About freedom of speech

  • Article 19(1)(a) of the Constitution guarantees freedom of speech and expression.
  • It is subject only to Article 19(2) which saves any law that imposes “reasonable restrictions” on the limited grounds of interests of the sovereignty and integrity of India, the security of the state, friendly relations with foreign states, public order, decency or morality or in relation to contempt of court, defamation etc.

What is the Sedition Law?

  • Section 124A of the IPC defines sedition. It makes every speech that “brings or attempts to bring into hatred or contempt or excites or attempts to excite disaffection towards the Government” a criminal offence.
  • Such an offence is punishable with a maximum sentence of life imprisonment.
  • It is classified as “cognisable” — the investigation process can be triggered just by filing an FIR. A judicial authority need not have to take cognisance.
  • It is also “non-bailable” — the accused cannot get bail as a matter of right, but is subject to the discretion of the sessions judge.
  • An explanation to the provision clarifies that mere “disapprobation of the administrative or other action of the Government without exciting or attempting to excite hatred, contempt or disaffection, do not constitute an offence under this section.
  • A five-judge constitution bench decision of SC in Kedarnath v. State of Bihar (1962) read down Section 124A to mean that only those expressions that either intend to or have the tendency of causing violence are punishable under Section 124A.
  • The Court reiterated the Kedarnath law in 2016 in Common Cause v. Union of India and directed all authorities to follow the Kedarnath dictum.

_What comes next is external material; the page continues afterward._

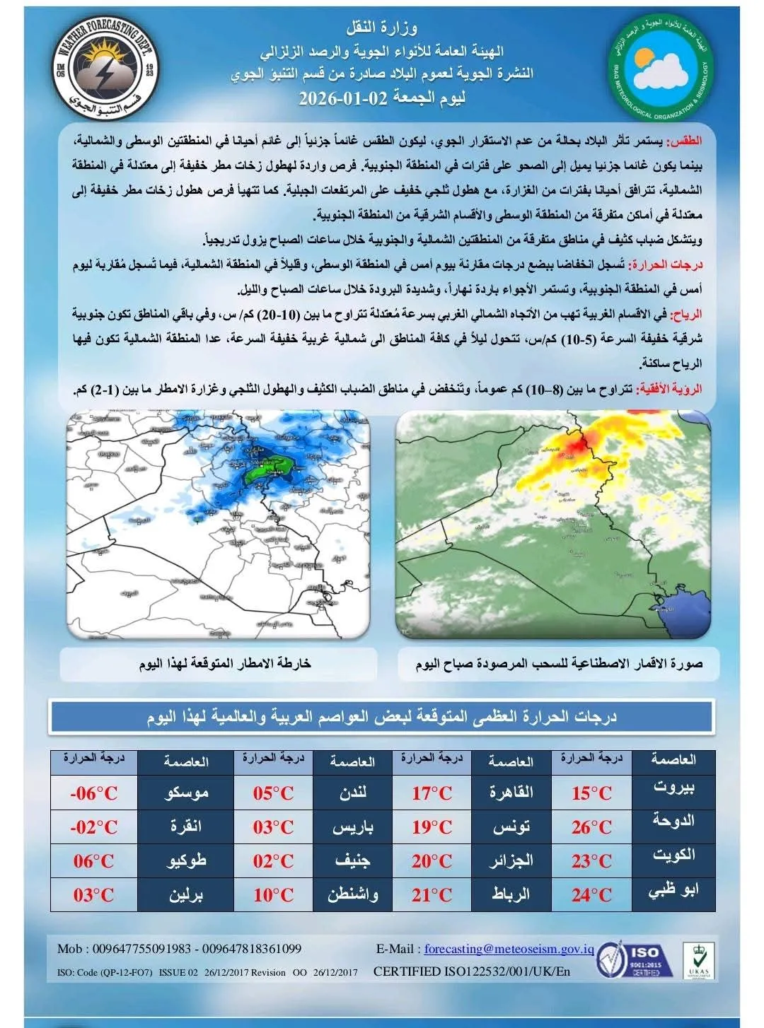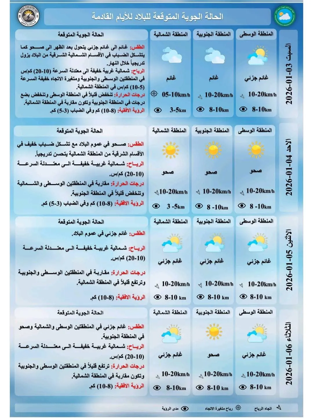 أعلنت هيئة الأنواء الجوية، اليوم الجمعة، حالة طقس العراق خلال الأيام المقبلة .

Scope of Fundamental Rights expanded

  • The jurisprudence of fundamental rights was expanded through several decisions in R C Cooper v. Union of India (1969), Indira Gandhi v. Raj Narain (1975), Maneka Gandhi v. Union of India (1978), I.R. Coelho v. State of Tamil Nadu (2007) and, in Puttaswamy v. Union of India (2017).
  • Each of these decisions establishes that fundamental rights in the Constitution are not to be read as isolated silos but are to be read as if the content of each fundamental right animates the other.
  • They tell us that the entire chapter on fundamental rights has also to be read “synoptically”.

Kedarnath judgement

  • In Kedarnath case, the court merely tested the intent of the provision under the exceptions to the freedom of speech under Article 19(2) of the Constitution. It did not take into consideration the effect of the right to equality (Article 14) or due process (Article 21).
  • Reading of Articles 14, 19 and 21 has evolved jurisprudence of testing legislation curtailing fundamental rights on substantive and procedural reasonableness, necessity and proportionality.
  • The requirement of “necessity” comes from India ratifying the International Covenant on Civil and Political Rights in 1976.
  • Article 19 of the ICCPR requires speech-limiting state action to be backed by law and to be necessary on the grounds of respect for the rights and reputations of others, national security etc.
  • Court also did not examine the provision for “chilling effect” on speech it causes. State action causing psychological barriers in the free exercise of the right to free speech.
  • Only in 2018 (Navtej Johar v. Union of India), the court found that pre-constitutional legislation have no legal presumption of constitutionality.

Way forward

  • The new thought focuses on understanding “necessity” of state action limiting fundamental freedoms.
  • The burden is on the state to establish that such a limiting measure is “necessary in a democratic society”
  • “Proportionality” should inform the understanding of “reasonableness” of restrictions in Article 19.